Rs 10,000 cr Fund of Funds Scheme to focus on mfg, high-tech startups: DPIIT Secy

New Delhi, Feb 4 (PTI) – The government’s newly unveiled Rs 10,000 crore Fund of Funds Scheme (FFS) aims to drive growth in manufacturing and high-tech sectors, sectors that typically require long-term capital, according to a top government official.

Amardeep Singh Bhatia, Secretary in the Department for Promotion of Industry and Internal Trade (DPIIT), explained that this fresh iteration of the FFS would be distinct from previous funds, specifically targeting startups operating in high-end technologies and those focused on improving public service delivery.

The FFS, announced during the recent Budget, seeks to foster entrepreneurial growth by addressing the unique funding needs of startups that require capital for extended periods. While a similar fund was launched in 2016 with a corpus of Rs 10,000 crore, the new scheme will evolve the framework further to support diverse startups.

“The first series of FFS helped in establishing the Alternate Investment Fund (AIF) ecosystem, providing essential capital to startups,” Bhatia noted. "For this second phase, we have already conducted consultations with AIFs and SIDBI, and we expect this scheme to cater to a broader spectrum of startups, especially those needing funding beyond equity infusion and for longer durations."
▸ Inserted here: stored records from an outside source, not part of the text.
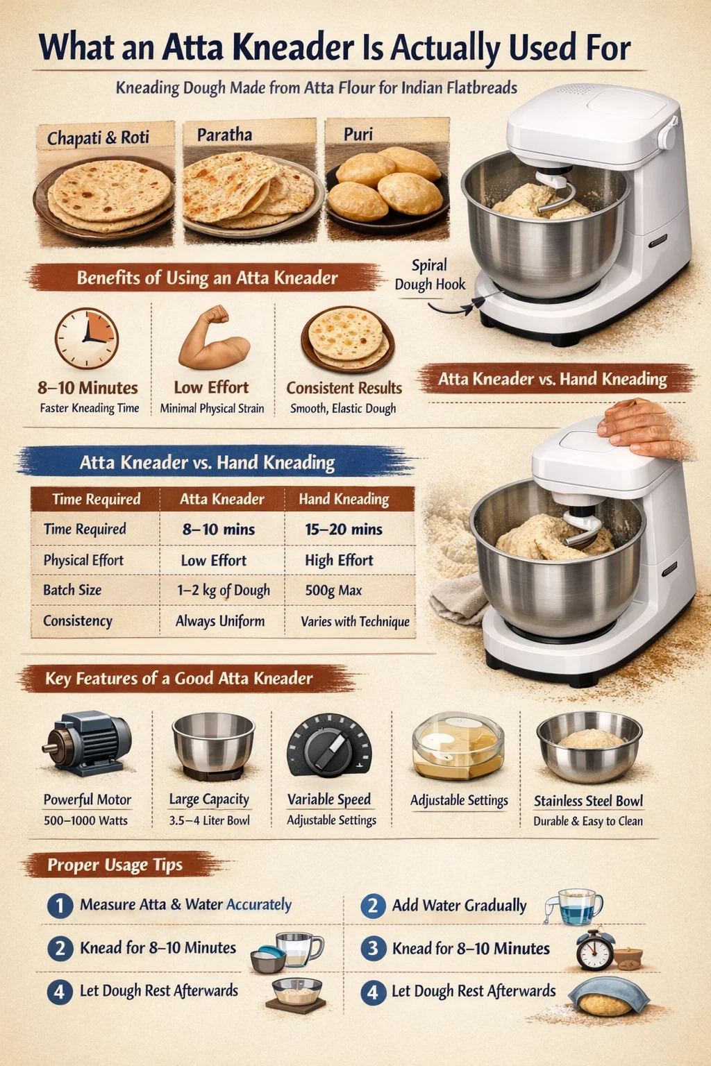 Det kritiske punktet er at atta - som er et fullkornshvetemel med høyere fiberinnhold enn raffinert mel - er tettere og mer motstandsdyktig mot hydrering. En elter bygget for atta er kalibrert for å håndtere denne tettheten uten å overopphete motoren eller belaste mekanismen.
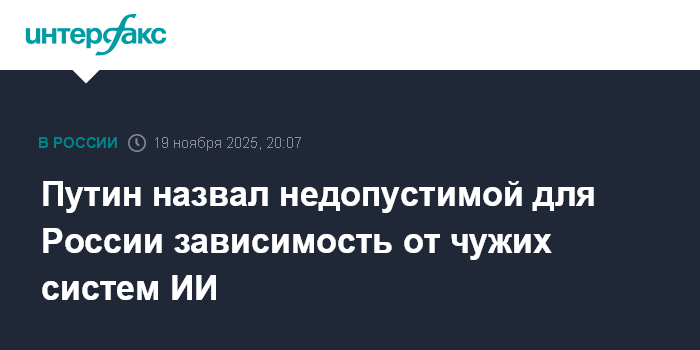 Москва. 19 ноября. INTERFAX.RU - Президент РФ Владимир Путин заявил, что Россия не может допустить критическую зависимость от чужих систем искусственного интеллекта и должна обладать целым комплексом собственных технологий в этой сфере.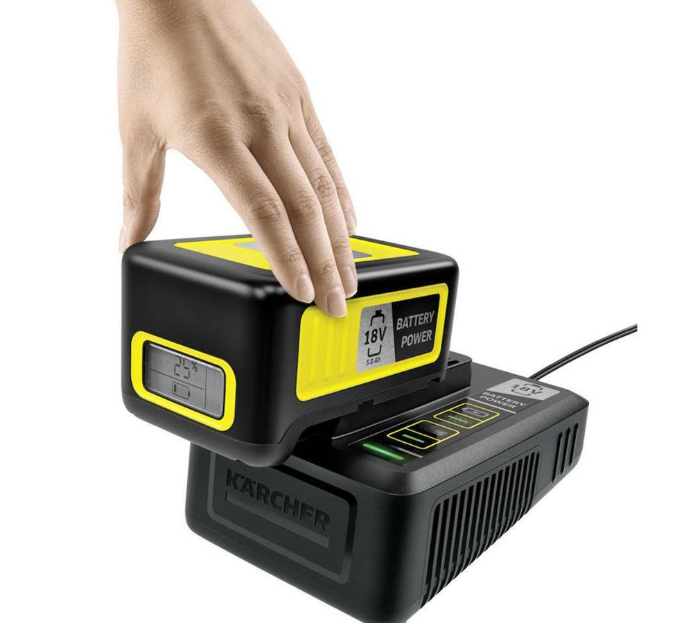 5 Ah της πλατφόρμας Battery Power της Kärcher στο 80% μέσα σε μόλις 44 λεπτά. Μπορεί επίσης να χρησιμοποιηθεί σε όλες τις ανταλλάξιμες μπαταρίες 18 V της πλατφόρμας μπαταριών 18 V της Kärcher.
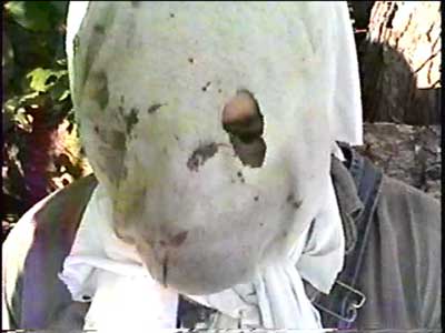 The Corn Stalker you say? Well never let it be said that HNN only reviews studio produced movies, as generally films fall into 3 categories. Studio (bug budget), independent or micro budget. Though “The corn Stalker” actually doesn’t fall into any of those. Yep, we even get what I call home spun, which is 1 or more first time film makers who pick up a video camera and shoot. This film manages to even look dated with it’s VHS footage and analog color bar creeping in at the bottom.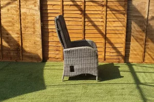 Entertain a whole gathering on the patio area with this wonderful 6-seater rattan dining set. The extra comfortable reclining dining chairs come with cushions included, and their high backs make relaxing long into the evening comfortable and practical.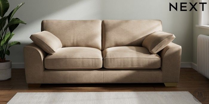 7.2.10 Stamford Grand Relaxed Sit 3 Seater Sofa Luxe Chenille Mid Camel Beige Large Square Angle - Brushed Brass | Made Click here to use our website with more accessibility support, for example screen readers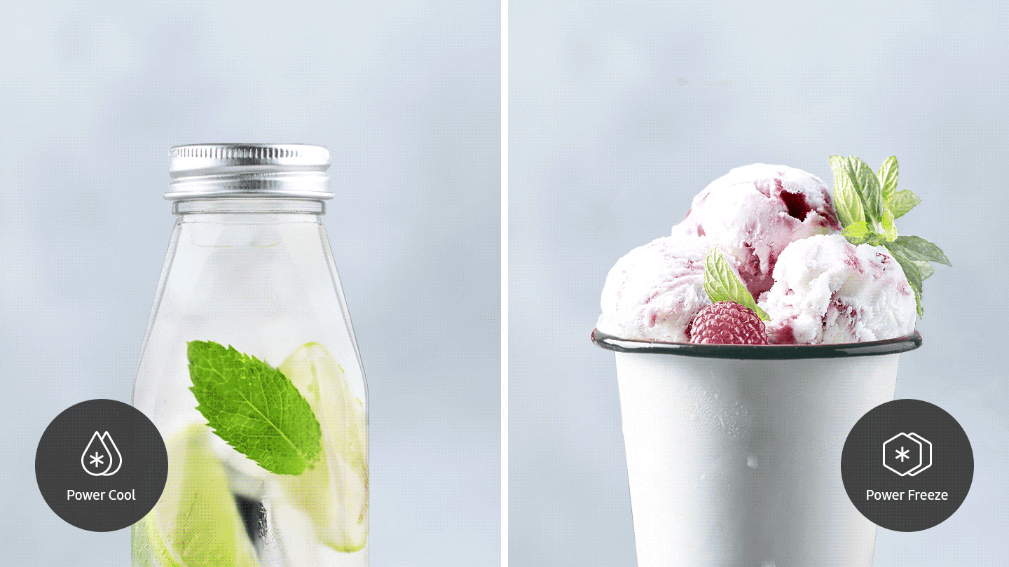 Izkoristite zmogljivost hitrega hlajenja. Ob dotiku gumba začne funkcija Power Cool pihati zelo ohlajen zrak v hladilnik in tako hitro ohladi nova živila ali priljubljeno pijačo. Medtem funkcija Power Freeze poskrbi za hiter dotok mrzlega zraka v zamrzovalnik. To je priročno zlasti pri zamrzovanju ali strjevanju zamrznjenih živil in za pripravo ledu.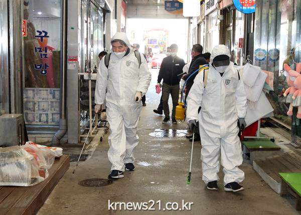 운영 첫날인 6일에는 중앙 및 한내, 동부, 현대시장 등 4개 전통시장 일원에서 김동일 시장과 공무원 등이 참여한 가운데 골목과 공중화장실 등지에서 분무소독기를 이용한 살균 소독을 실시했고, 분무기 미 소지자는 상가 주변 및 본인가게 출입문 등에 대한 자체소독을 진행했다.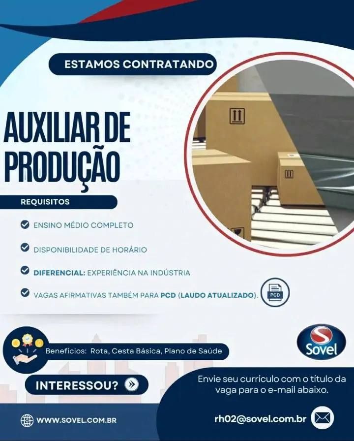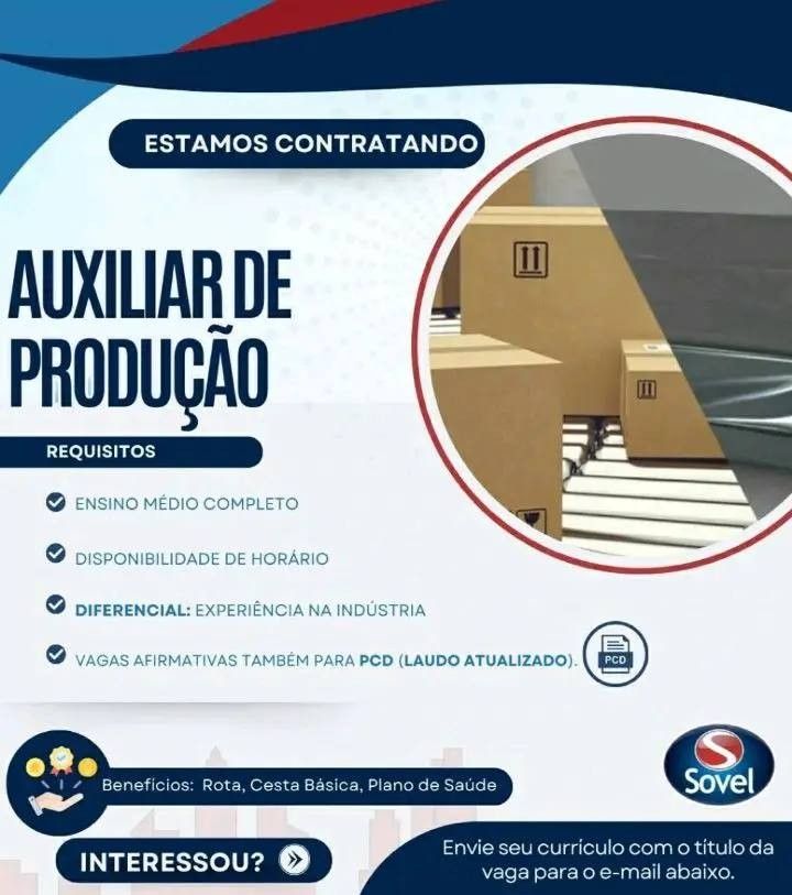 Indústria seleciona para vaga de Auxiliar de produção; Envie seu currículo!

Unlike the previous scheme, this new FFS will not be an extension of the existing fund but a standalone initiative.

The original FFS has already catalyzed investments exceeding Rs 21,700 crore through AIFs, supporting over 1,180 startups. These AIFs have collectively raised approximately Rs 91,000 crore from various investors.

“Under the new scheme, we want to expand its scope," Bhatia added. "The previous scheme had a 10-year funding horizon, but now we plan to extend it to 14 or 15 years, which better aligns with the funding needs of high-tech sectors that have longer gestation periods." Discussions are also underway regarding the possibility of reworking the per-startup funding cap, with debt funds also being considered as a viable option.

Sanjiv, Joint Secretary at DPIIT, further elaborated on the scale of ambition for the new FFS, saying, "We are aiming for a 20-fold mobilisation of funds with the new scheme, compared to the 10-fold achieved under the first FFS."

The Budget also highlighted a special FFS for Deep Tech Startups, which will focus on providing "patient capital" to support disruptive innovations and larger ticket funding. Bhatia mentioned that consultations were ongoing to ensure that this part of the scheme adequately addresses the long-term capital needs of deep tech startups.

In addition to the FFS, the government’s Budget included provisions for the Jan Vishwas Bill 2.0, which aims to decriminalise over 100 provisions across various laws. Bhatia stated that 11 ministries had participated in drafting these amendments, which would affect laws like the Motor Vehicles Act, Textile Committee Act, and Legal Metrology Act.

Notably, the earlier Jan Vishwas (Amendment of Provisions) Act, 2023, succeeded in decriminalising 183 provisions across 42 different Acts.